Apartando mi rostro de la uña arreglada por el manicurista chimbo, que tengo a diez centímetros

de mi rostro, de repente observo como una cabeza despeinada de una mujer joven se acuesta

sobre el brazo flaco pero firme de un hombre, también joven, que, al parecer, la está abrazando.

“Que bárbaro”, pienso, “apuesto a que estos segurito se acostaron juntos anoche.” Comienzo a

observarlos con curiosidad y me doy cuenta que ellos no están pendientes de nada a su alrededor.

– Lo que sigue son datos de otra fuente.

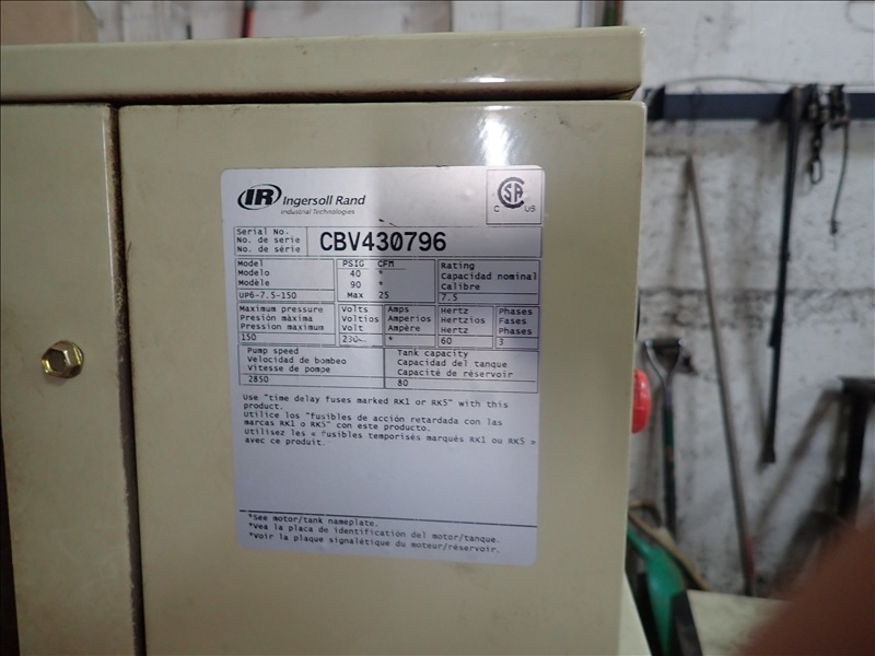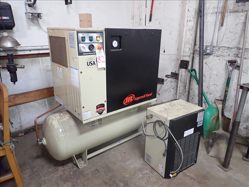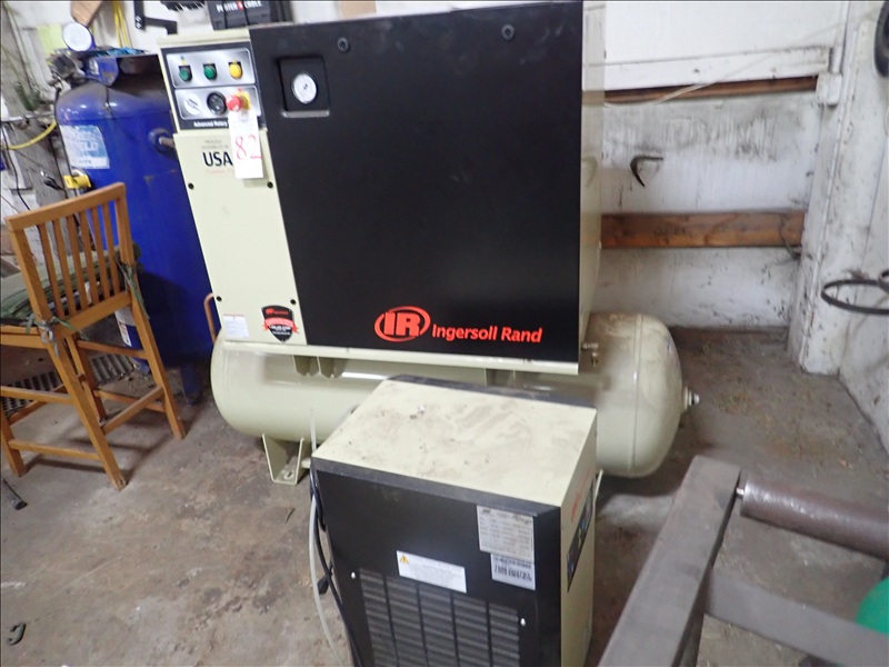 7.5 HORSE POWER, 80-GALLON ROTARY SCREW AIR COMPRESSOR, 230V, 3 PHASE W/INGERSOLL RAND D42IT REFRIGERATED AIR DRYER & 60-GAL VERTICAL RECEIVER TANK
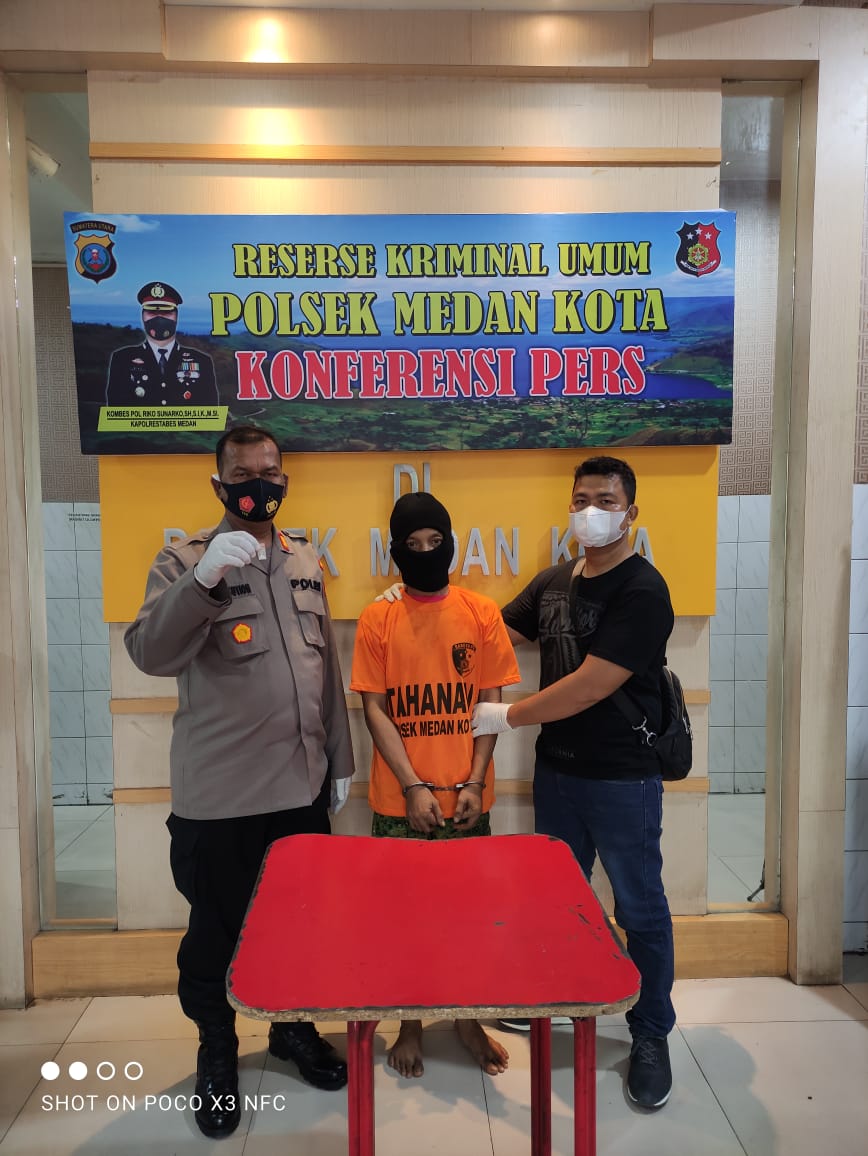 Kapolsek Medan Kota Kompol Rikki Ramadhan, melalui Kanit Reskrim Iptu Nova Indra Pratama kepada wartawan, Kamis (1O/6/2O21) menjelaskan kronologi penangkapan tersangka.

Nada los estorba, no ven al señor que se saca el cebo de la oreja, el otro señor que se le salen los

pelos de la nariz, no, ellos están en su mundo. Un mundo de felicidad y de amor. Se están

abrazando y lo que sienten al tocarse, ese placer lechoso, parece adentrarse en el ambiente del

vagón y forma como una pequeña burbujita rosada, que los protege de los violentos arrebatos de

los demás pasajeros y del conductor del tren.

Están hablando. Están planeando la salida de esta noche. Y este momento para ellos es

infinitamente bello y lleno de dulzura. Cuando las puertas del tren se abren y la multitud se abre

paso a empujones y carterazos, oigo la pequeña burbujita rosada eclipsar.